そして、三宝さんも電話してきます。優さん宜しくお願いします。
と言って、去って行った。
残されたのは、俺と先輩だ。
「.....すいません。先輩。血液が.....抱きしめた時に付かなかったすか?」
「.....そんな事気にしないで良いのに」
「.....いやいや。大切な先輩の服に血液なんぞ。

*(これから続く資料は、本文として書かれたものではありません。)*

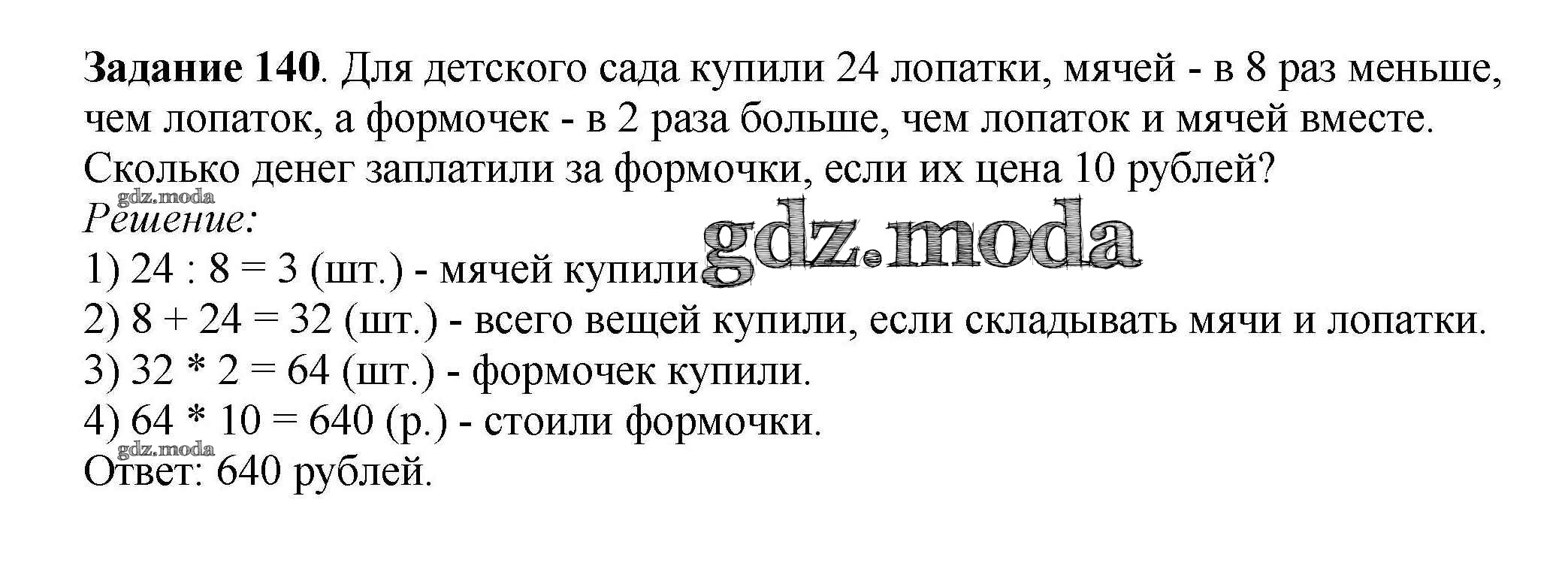 ГДЗ решение к заданию № 140 Математика 3 класс Истомина Н.Б. Ассоциация 21 век 2014 Часть 1, Часть 2 ФГОС бесплатно на гдз.мода!
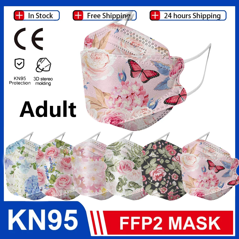 Маска для взрослых CE Ffp2 KN95, многослойная тканевая женская дизайнерская маска KN95 для лица с принтом рыбок и цветов Ffp2, пылезащитные маски
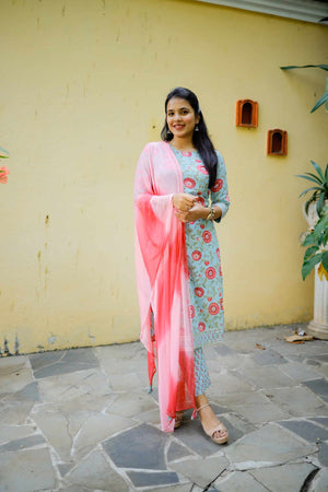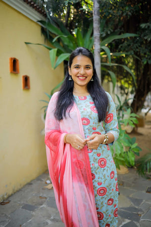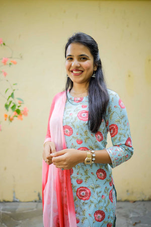 Bhoomika - Floral handblock printed organic cotton suit set in blue and pink
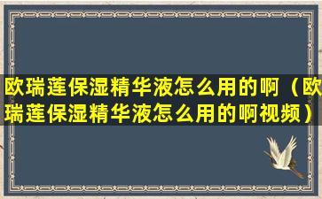 欧瑞莲保湿精华液怎么用的啊(欧瑞莲保湿精华液怎么用的啊视频)
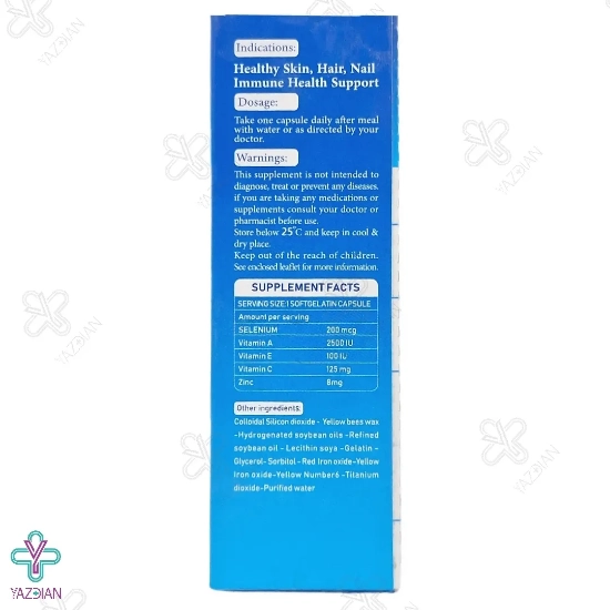 در فرمولاسیون این مکمل از ویتامین های مؤثری از جمله ویتامین A استفاده شده است و بدین جهت می تواند ضمن کاهش دادن علائم اگزما و پسوریازیس، التهابات پوستی را به خوبی درمان نماید. ویتامین E موجود در آن نیز دارای خاصیت آنتی اکسیدانی فوق العاده ای می باشد و می تواند با پرداختن به مبارزه با رادیکال های آزاد، اثرات مخرب آن ها را مهار کند. دیگر ویتامین به کار رفته در این مکمل ویتامین C می باشد که می تواند تولید کلاژن در پوست را افزایش داده و ضمن روشن تر کردن رنگ پوست، از بروز سرطان پوست و ایجاد چین و چروک های پوستی جلوگیری نماید.
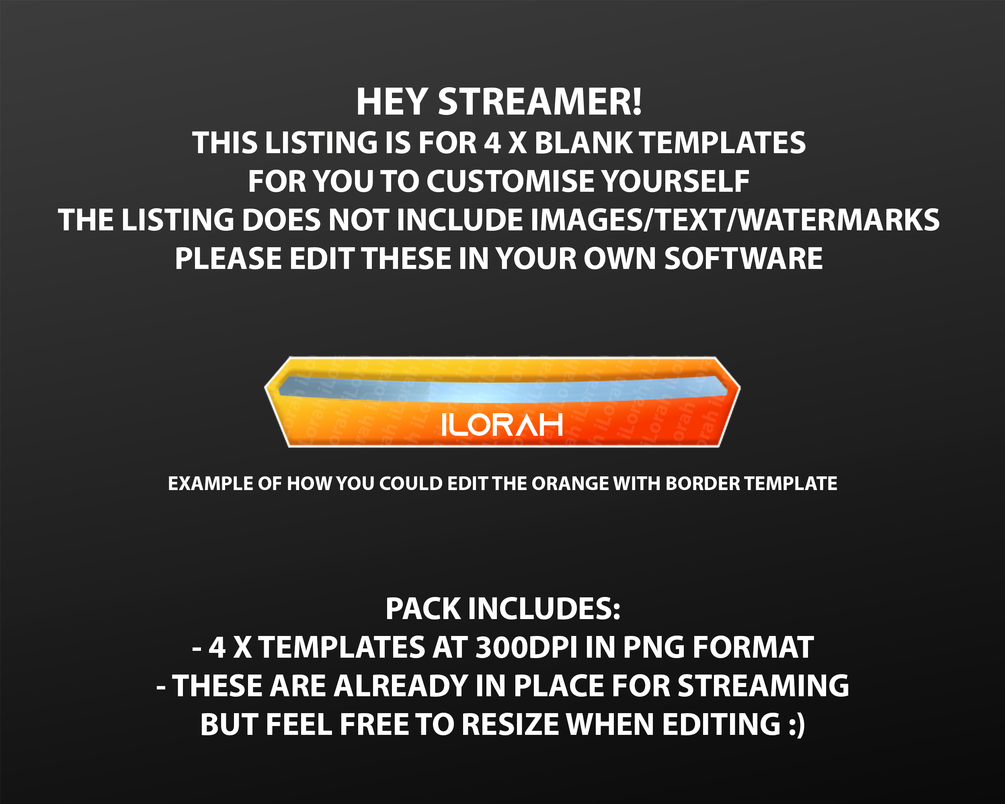 1 zip file with 4 x health bar templates (1 x no border orange, 1 x white border orange, 1 x no border purple & 1 x white border purple) as shown in the listing. These do NOT include logos/text/images.
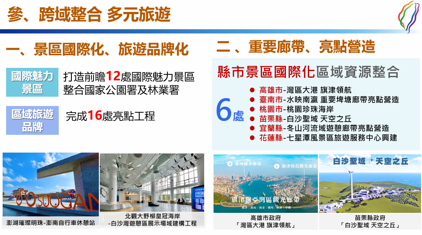 打造前瞻12處國際魅力景區,攜手地方政府串聯景點,完成16件亮點工程及6處重要廊帶亮點營造。
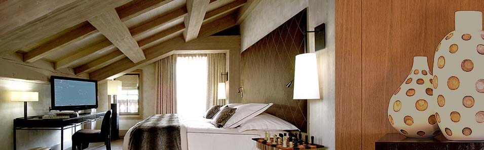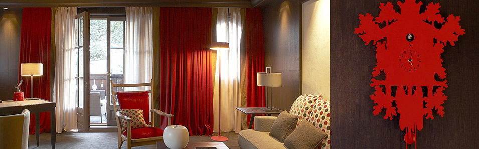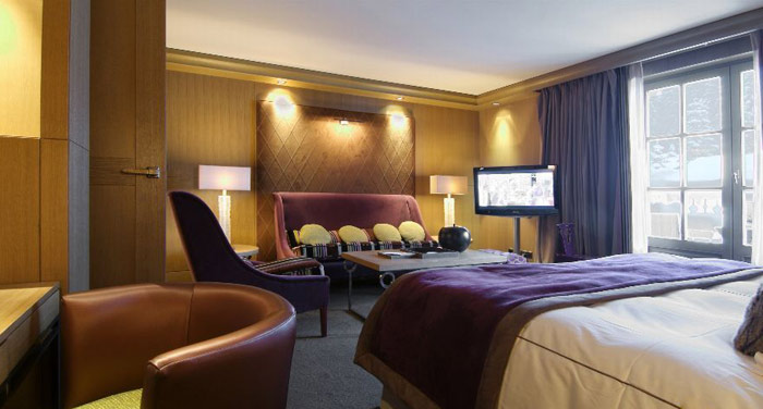 Deluxe Room (прибл. 50 кв.м) - номер украшен оригинальными работами дизайнера Жилля Каффье (Gilles Caffier), состоит из спальни с гостиной зоной, ванной комнаты и балкона с видом на горные склоны и трассы Jardin Alpin.

汚れます」
「何言っているの?」
次の瞬間。
俺の体にフワッと良い香りがした。
気が付くと、俺を先輩が抱きしめて。
そして涙を流していた。
号泣している。
「.....本当に.....良かった!心配していたんだから!」
「.....すいません.....」
そして、俺をジッと見てくる先輩。
本当にジッと見てきている。
えっと、間近で見られるとちょっと恥ずいんですが。
俺はその様に思いながら、目を少し外した。
すると。
「お礼だよ」
「え?」
俺の頬に先輩がキスをして。
そして俺を真っ赤な顔で見てきた。
ゆっくりとその言葉を出してきながら。